■ **GOAL OF THE EXERCISE**
Would you please retype, exactly, the lines of the listing below between the line with "Blue sky background." and the line with "Dynamic forex trading", inclusive?

■ **RECORD SET**

++++

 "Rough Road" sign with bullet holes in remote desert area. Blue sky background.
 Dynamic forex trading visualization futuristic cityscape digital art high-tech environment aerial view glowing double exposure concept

++++

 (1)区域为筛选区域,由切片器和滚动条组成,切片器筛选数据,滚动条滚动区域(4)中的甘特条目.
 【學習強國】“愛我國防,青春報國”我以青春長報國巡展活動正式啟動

++++

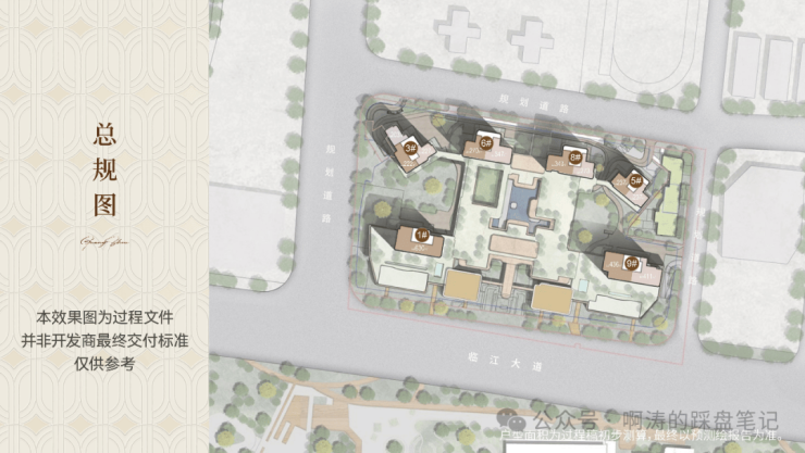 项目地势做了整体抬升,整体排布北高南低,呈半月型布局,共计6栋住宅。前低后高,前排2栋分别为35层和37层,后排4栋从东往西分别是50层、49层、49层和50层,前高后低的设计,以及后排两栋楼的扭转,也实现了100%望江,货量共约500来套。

++++

■ **EXERCISE RESPONSE**
 "Rough Road" sign with bullet holes in remote desert area. Blue sky background.
 Dynamic forex trading visualization futuristic cityscape digital art high-tech environment aerial view glowing double exposure concept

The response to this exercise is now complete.